What the task requires → Repeat the span of the entries below that starts at the line with "Art.-Nr. 792 Schwarze" and ends at the line with "陈佳甜品是厦门的老字号了,在", nothing more. Skip the pictures.

Records for the exercise →
::::::::::
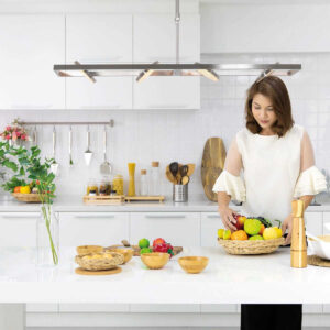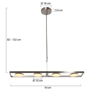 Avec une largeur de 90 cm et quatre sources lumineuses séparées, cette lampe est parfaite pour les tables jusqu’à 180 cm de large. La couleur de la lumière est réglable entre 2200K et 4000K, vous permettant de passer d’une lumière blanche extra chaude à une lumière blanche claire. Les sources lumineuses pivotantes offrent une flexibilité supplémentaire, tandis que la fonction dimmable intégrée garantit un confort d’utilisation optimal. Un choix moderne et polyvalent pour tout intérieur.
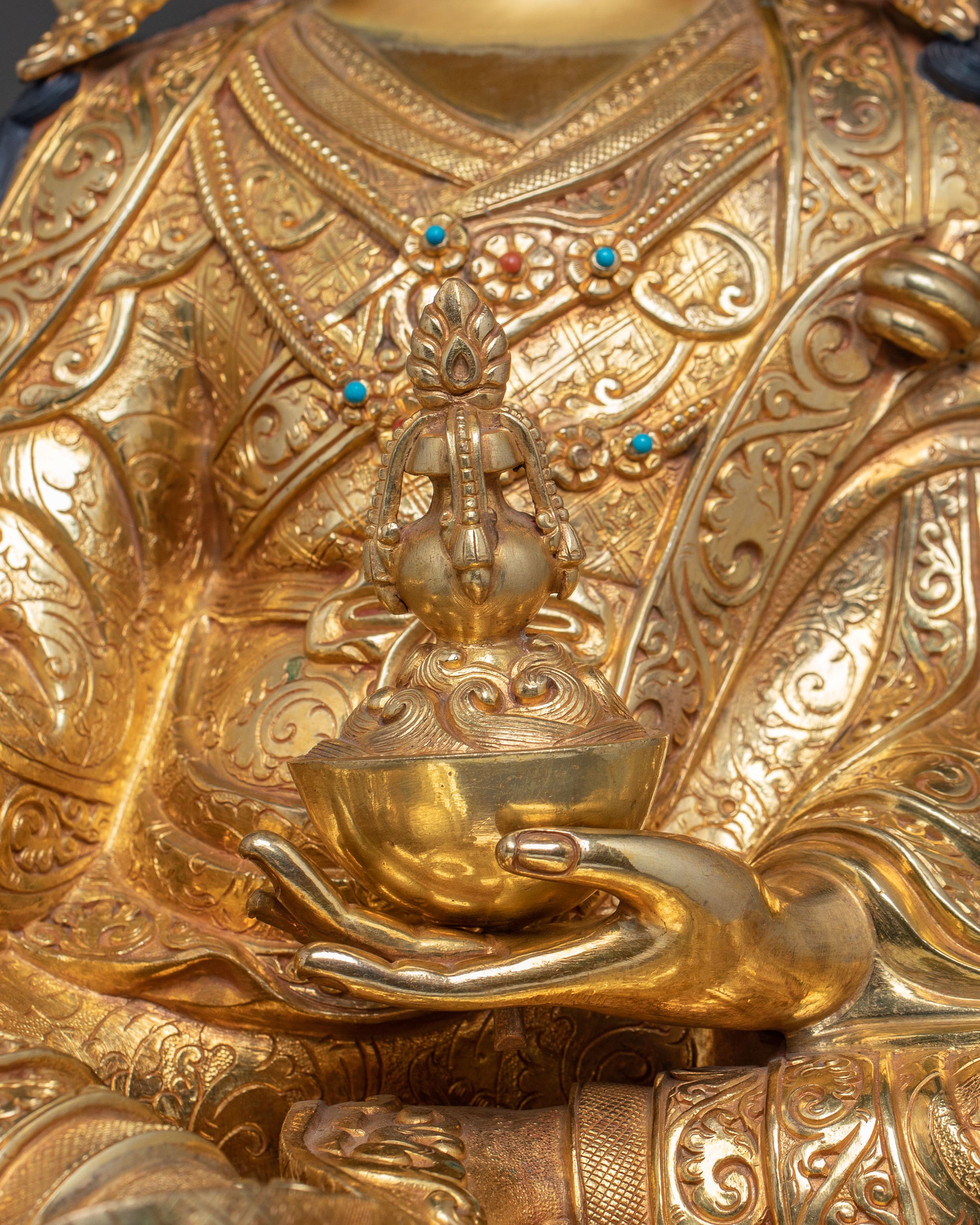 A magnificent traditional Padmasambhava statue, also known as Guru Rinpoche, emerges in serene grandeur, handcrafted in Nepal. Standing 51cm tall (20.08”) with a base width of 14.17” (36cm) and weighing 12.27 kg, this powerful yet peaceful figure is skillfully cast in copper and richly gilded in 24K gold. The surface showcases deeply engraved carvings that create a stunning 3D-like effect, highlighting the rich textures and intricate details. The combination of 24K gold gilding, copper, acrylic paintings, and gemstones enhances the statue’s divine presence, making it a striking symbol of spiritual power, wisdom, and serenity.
::::::::::
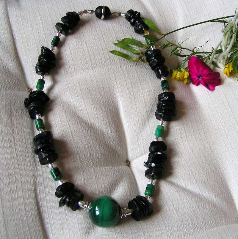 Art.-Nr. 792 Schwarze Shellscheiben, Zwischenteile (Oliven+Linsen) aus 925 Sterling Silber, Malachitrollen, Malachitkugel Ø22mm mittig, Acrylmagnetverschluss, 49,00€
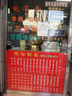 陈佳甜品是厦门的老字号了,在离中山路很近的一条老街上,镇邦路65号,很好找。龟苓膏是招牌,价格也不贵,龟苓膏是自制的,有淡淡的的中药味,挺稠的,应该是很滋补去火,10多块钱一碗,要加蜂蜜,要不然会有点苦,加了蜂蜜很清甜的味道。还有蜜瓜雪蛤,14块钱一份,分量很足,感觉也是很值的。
::::::::::
Expected output →
 Art.-Nr. 792 Schwarze Shellscheiben, Zwischenteile (Oliven+Linsen) aus 925 Sterling Silber, Malachitrollen, Malachitkugel Ø22mm mittig, Acrylmagnetverschluss, 49,00€
 陈佳甜品是厦门的老字号了,在离中山路很近的一条老街上,镇邦路65号,很好找。龟苓膏是招牌,价格也不贵,龟苓膏是自制的,有淡淡的的中药味,挺稠的,应该是很滋补去火,10多块钱一碗,要加蜂蜜,要不然会有点苦,加了蜂蜜很清甜的味道。还有蜜瓜雪蛤,14块钱一份,分量很足,感觉也是很值的。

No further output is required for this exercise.